For convenience, establish all units of measure ments how it is shown in the table. To change values by default, allocate an element interesting you, then choose correct value in a window «Change Unit Value». To choose an element from the list, allocate with a mouse this element. To remove allocation, once again click it with a mouse.

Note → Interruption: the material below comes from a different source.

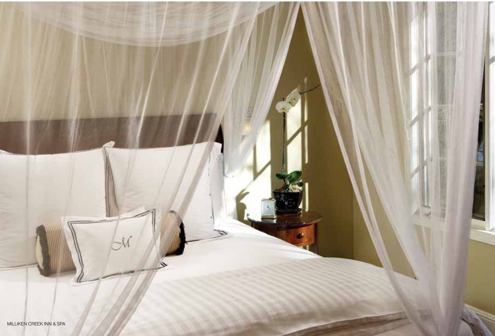
MILLIKEN CREEK INN & SPA

Field Distance Unit (distance) Time Unit (time) Date Format (a date format) Angle Unit (corner) Mass Unit (weight) Power Unit (force) Frequency Unit (frequency) SmallDistanceUnit () LatitudeUnit (width) LongitudeUnit (longitude)

Setting Nautical Miles (n miles) Hours (hours) UTC Gregorian (the Gregorian calendar) Degrees (degrees) Kilogra ms (kgs) dBW GHertz () Meters (metres) Degrees (degrees) Degrees (degrees)

After the installation termination it is necessary to press the button APPRX. Drawing parameters operate information display to the screen and the possibilities accessible in window Map. To establish parameters of a drawing for own scenario, press the button of the panel of tools of a window of Mar. Properties of a card are responsible for information display: orbits, names of objects, lines and other information on the companion. In the table shown here, the option «Show Tool Bar» is included, and the option «Show Elevation Regions» is disconnected. For convenience, be convinced that options «Show Tool Bar», «Show Status Bar» and «Show Scroll Bars» are included, and the option «Show Elevation Regions option» is disconnected. After the termination, press on Details.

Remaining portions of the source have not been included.